Le ROF emploiera toute son énergie à défendre une publicité qui participe à rendre notre secteur hautement concurrentiel et a historiquement permis à nos enseignes de dédramatiser le port des lunettes. Il faudra lever des malentendus manifestes – si la publicité permet à chacun d’entre nous de faire connaître au patient les produits et services qu’il offre, ce n’est évidemment pas elle qui fait s‘accroître le marché, mais le vieillissement de la population et l’exposition aux écrans.
Nul doute qu’il faudra aussi réfuter des affirmations à l’emporte-pièce – elles ont déjà commencé, certains dénonçant un « consumérisme médical » – alors que nos équipements ne peuvent être délivrés que sur ordonnance, que 85 % des porteurs renouvellent par nécessité et que 81 % ont un reste à charge – de tout de même 131 euros en moyenne par paire de lunettes.
Et il faudra rester vigilant et mobilisés devant cette idée, progressivement amenée par la CNAM dans le débat, que tout secteur jugé « trop » rentable doit être régulé – par des baisses de tarifs, voire par une contribution temporaire (« la clause de sauvegarde » – qui existe ailleurs, pour le médicament).
Alors que, comme le confirme une nouvelle enquête, les déserts ophtalmologiques explosent et que l’accès aux soins visuels se raréfient dans les territoires, le ROF, plus que jamais, appelle les pouvoirs publics à ne pas casser ce qui fonctionne dans la filière.
Si ce n’est pas pour notre secteur le point le plus saillant du rapport « charges et produits », il est difficile de ne pas noter les développements circonstanciés de la CNAM sur la décarbonation des prescriptions, et notamment des dispositifs médicaux.
Ces pages font en effet suite au rapport du Shift project présenté le 17 juin, qui consacre (p.161 et suivantes) tout un pan de sa réflexion au secteur de l’optique médicale.

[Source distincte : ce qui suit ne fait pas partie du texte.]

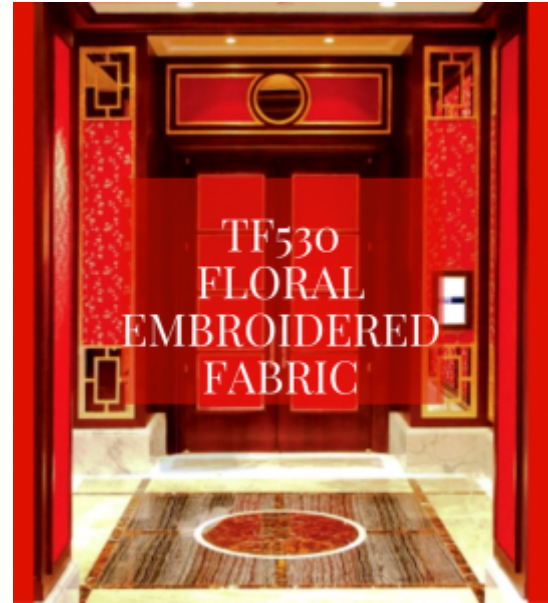
TF530 FLORAL EMBROIDERED FABRIC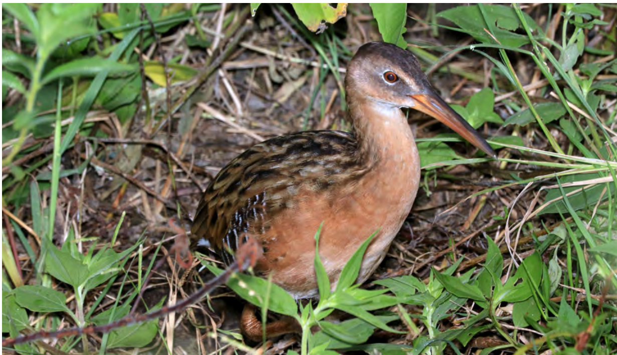
King Rail, Alan Schmierer/CC0 1.0

Navassa Island (administered by the USFWS as a NWR)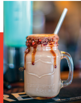
Choco jaffa boozy milkshake.

Never one to rest on their laurels, the multi-award winning Dollys Bar has taken their consummate offerings to the next level with a delectable new menu that can be ordered online as takeaway as well as a revamped back bar featuring a larger range of top shelf spirits and a brand new boozy milkshake bar.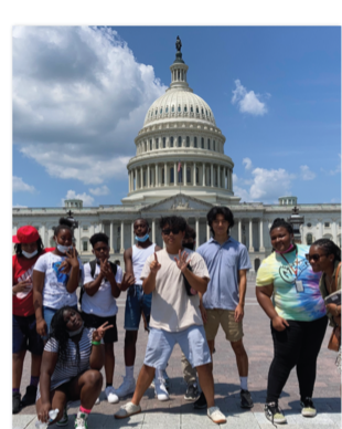
Emerson Collective Youth Collaborative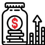
Excellent occupational pension plan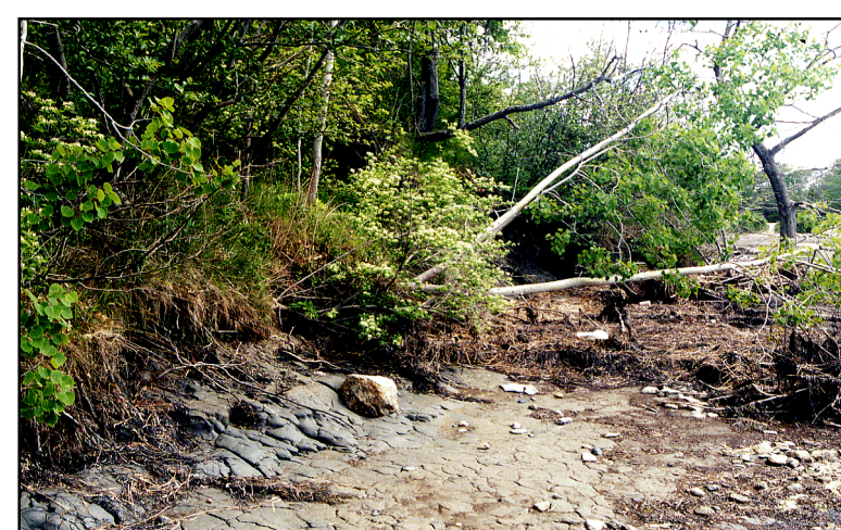
Figure 7. Wave erosion at the base of a bluff removes slope sediment and steepens the bluff. Erosion has undercut the trees in the photo above and caused them to tilt toward the ocean. This steepening reduces the stability of the bluff, and a landslide may result. Ongoing sea-level rise along the Maine coast will cause wave erosion at the base of coastal bluffs and continue to make some coastal bluffs at risk of experiencing a landslide.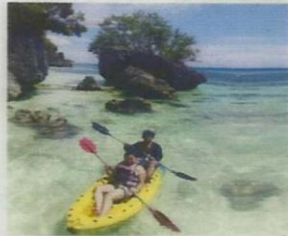
RENT-A-KAYAK PADDLE ALONG ALONA COAST & DISCOVER HIDDEN COVES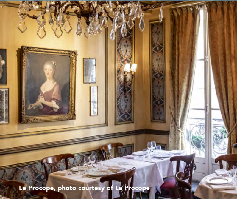
Le Procope

Parmi d’abondantes recommandations de ce rapport du Shift project, dont certaines exigent une forte adaptation du secteur, on note :
Un document à lire, à tout le moins, d’autant qu’il a attiré l’attention des pouvoirs publics alors que ces derniers s’inscrivent depuis décembre 2023 dans la mise en œuvre de la feuille de route de planification écologique du système de santé.